Bangladesh: Steadily Moving Up without Beating the Drum

Finance Minister Abul Maal Abdul Muhith

Skipping the usual ado and almost silently, Bangladesh is moving up the ladder and surpassing its local peers in a number of key areas such as health and education. During the past decade, the country has managed to greatly improve maternal health, literacy rates and access to basic sanitary services. As a result of this, life expectancy has shot up as well.

Perhaps in recognition of its good governance practices, Bangladesh has also benefited from increased donor largess. Earlier this month, Finance Minister Abul Maal Abdul Muhith reported income of $2.78bn in grants and (soft) loans over the 2012-13 fiscal year; a full 37% over the previous year’s receipts.

Over the same period, the country disbursed almost $900m in interest payments on development loans granted previously, resulting in a net inflow of close to $1.9bn. Minister Muhiht said aid levels are “satisfactory”.

In fact, they are slightly more than that: With some donor countries and agencies still suffering financial uncertainties, and most Western governments cutting their development aid budgets, the result obtained by Bangladesh may perhaps be called rather extraordinary.7

“In a nod to progress already made, the World Bank last week lauded Bangladesh for the enduring success of the Public Procurement Reform Project II.”

Mr Muhiht acknowledged as much when he concluded that a recent spat with the World Bank over the Padma Bridge Project had not in the least soured relations with that lender: “The numbers prove that, contrary to what many expected, our dealings with the World Bank have not declined. In fact, the bank has increased its disbursements and now participates in three other new projects.”

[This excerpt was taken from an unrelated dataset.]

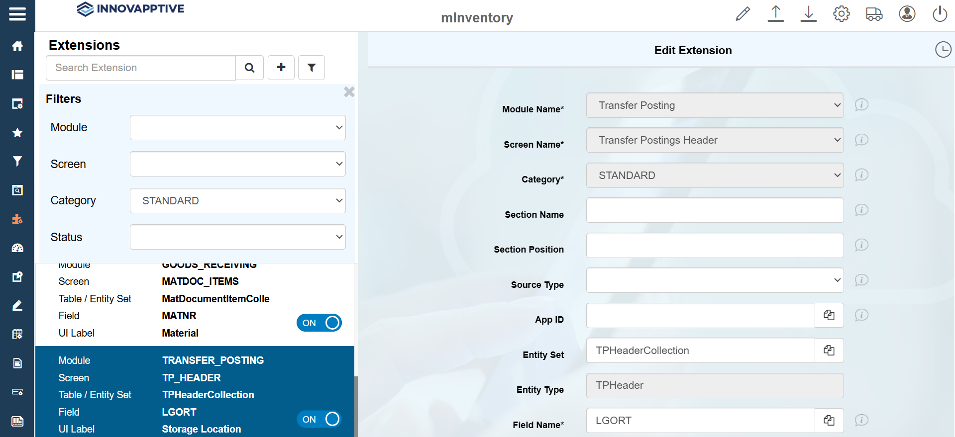 Field Description Module Name Transfer Posting Screen Name Transfer Postings Header Category Standard Entity Set TPHeaderCollection Entity Type TPHeader Field Name LGORT UI Label Storage Location Field Type ID – Input Dropdown UI Position 4 Case Sensitive Upper Case Active ON Overview ON Detail ON Mandatory OFF -

Former government advisor Akbar Ali Khan sees welcome signs of maturity on both sides: “Both the Bangladeshi government and the World Bank at all times kept very alert to the complexities surrounding the Padma Bridge Project financing. And though the government in the end declined World Bank loans for this particular endeavour, relations have remained excellent and, by looking at the numbers, may even have improved.”

In a nod to progress already made, the World Bank last week lauded Bangladesh for the enduring success of the Public Procurement Reform Project II, initiated in 2007 and slated to run until the end of 2016. By encouraging enhanced transparency and competitiveness, the project has streamlined procurement procedures, reduced delays and cut costs.

Now, up to 65% a small value contracts are awarded within the initial bid timeframe, up from just 10% in 2007. The average number of bids received increased from four to six, while about 60% of the contracts are currently tendered online, a fourfold increase over 2007. The Central Procurement Technical Unit has posted all relevant rules and regulations on its comprehensive website offering interested parties a clear set of guidelines.

Digitalisation ranks high on the government’s list of priorities. Its latest drive – supported by a €10m ($13.3m) grant from the European Union – aims to create a vast computer database containing all of the country’s land records. “A secondary goal of this ambitious project is to enable women to claim their rightful inheritance which currently is not always easy to do,” says Khushi Kabir of Nijera Kori (“We Do It Ourselves”), a NGO that assists landless people.

Women’s rights are particularly significant in Bangladesh; the world’s only country that has been ruled by women longer than by men. Women are also at the heart of the garment industry which is the biggest cash earner of the economy, bringing in well over $20bn annually in foreign exchange.